Amidst a sea of businessmen vying for after-work cocktails, the four members of Atomic Tom – frontman Luke White, Philip Galitzine on bass, Eric Angelo on guitar, and Tobias Smith on drums – drift into Midtown’s La Cava, their asymmetrical rocker haircuts and fitted denim provoking a hushed wave of, “Who are those guys?” from the suited regulars. The wine bar isn’t too far from the rehearsal space of the Brooklyn band, whose latest EP, In Parallel, dropped earlier this month.
In October of 2010, the then-struggling band posted a video on YouTube, which would within weeks result in an upward spiral of their popularity from spotty to spotlight. The video consisted of Atomic Tom’s four members riding the B train to Brooklyn while performing their single, “Take Me Out.” The hitch? They used only iPhones with music apps as instruments. By the end of the day, 220,00 people had viewed their video, and by the end of the week—two million.
In Parallel features six tracks consisting of three songs. Each tune has a fully produced version accompanied by an acoustic counterpart. Luke White, who started the band over six years ago, says that while defining their sound is challenging, “our music is not so challenging. We’re not trying to fake anybody out. We’ve become straight ahead rock with some pop melodies that people can sing and dance along to in a club.”
Today, Atomic Tom’s spectacle has nearly five million views on YouTube. They spent the last year reaping in the benefits of fast fame, touring the country, and figuring out how to stay relevant in an era where musicians are often swiftly left by the wayside.
How long had you been a band before you got some serious recognition? Luke White: I started the band six years ago. Phil was helping at that time with the bass. He was the first member of the band. Eric came on board in 2007. We didn’t start going forward aggressively until Tobias joined the band in 2009. Then we had four fully committed members of Atomic Tom. We went into the studio that summer to record our first record.
How do you break free of the image of being a gimmick band? Philip Galitzine: That was a concern in the beginning. We tried really hard to not capitalize on it in the cheap and obvious ways. We let the video speak for itself and kept playing great shows like we’d always done. Then we went on tour three months after the video came out. A lot of people came out to shows because they were curious about us from YouTube, but we never referred to it in our live shows. It’s a rock show. People would come out pleasantly surprised. And even when the video first came out people were like, “Wow what a great song.” It’s not just a cool concept.
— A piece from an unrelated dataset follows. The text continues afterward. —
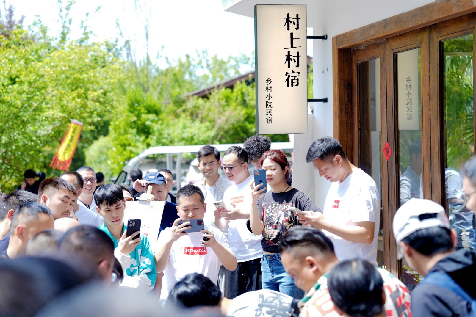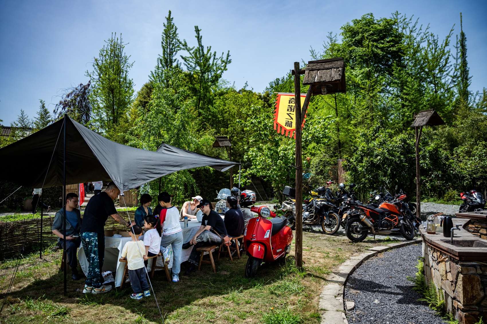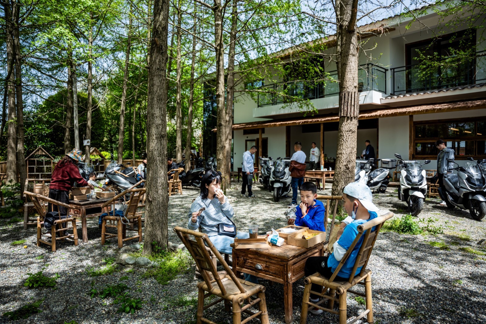 在林盘院落改造的“村上村宿”综合体,机车手们分散在留灯书舍的禅意空间、亲邻坊乡村茶馆的烟火气里。中午12时,张冬梅带着20多位“共享厨娘”端出热气腾腾的蒸笼宴、定制烧烤,“400人的订单,腊肉是自家熏的,蔬菜现摘现炒,这才是真正的从田间到餐桌。”作为游客中心运营人员,她见证了通过“村集体出场地、企业出资金、村民出劳力”的“三点”模式。一年多来,村上多个闲置农房盘活为网红消费场景。
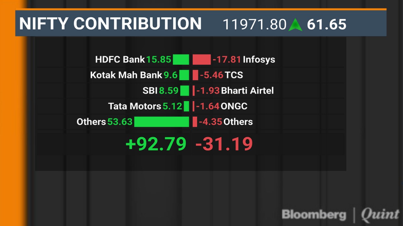 - The NSE Nifty 50 rose 0.52 percent to 11,971.80.

When you tour, are you headliners or do you open for another group? Tobias Smith: We haven’t done a support tour but we are looking to do one in the Winter. The last tour we did was as headliners. We did most of America, the entire West Coast and East Coast, some places in the middle, and three dates in Canada.
What do four guys do on tour? T.S.: We are in a really nice Sprinter van made for touring. We played Tetris a lot on the flat screen.
So you’re really living up to the rock star life? TS: We drink champagne while playing Tetris. We don’t really party hard and drink hard, but we hang around people that do. PG: I drink alone. Eric Angelo: Some of us party more than others. Phil does drink alone a lot. I’ll drink a bit before I go onstage and I’ll drink after.
Is it a friends first atmosphere or are you band mates first? LW: Initially, we came on as friends and it was very important that we get along. We’ve certainly had our differences where the argument has become, “Well we don’t need to be friends!” But then we found out that that doesn’t actually work. PG: Sometimes you lose a little perspective and things that aren’t incredibly important tend to feel that way and conversations that should take five minutes take an hour because everyone wants to be satisfied. But I can’t think of any four people in such a close situation as we are that get along amazingly. When we say that we fight, its not unusual.
What does it say about the music business when you can be struggling a band for years and then one video catapults you into fame? LW: It says that the middleman isn’t as necessary anymore. Look how much we accomplished with one video that we did ourselves. Eric’s brother came out up with the concept, we put it together, shot it on iPhones, the budgets was $400, we put it up, and a few days later it had millions of views. In the next 15 years you may see the need for a middleman to distribute content will be no more.
When you’re in NYC do you go out as a crew? E.A.: We hang out a lot—probably too much.
Where do you go? L.W.: Mesa Coyocan in Williamsburg. They have the best commercial margarita ever. P.G.: Also, Rockwood Music Hall. A lot of us came up there. We like music and we’ve been involved in that scene for so long that we can go there and just be at home.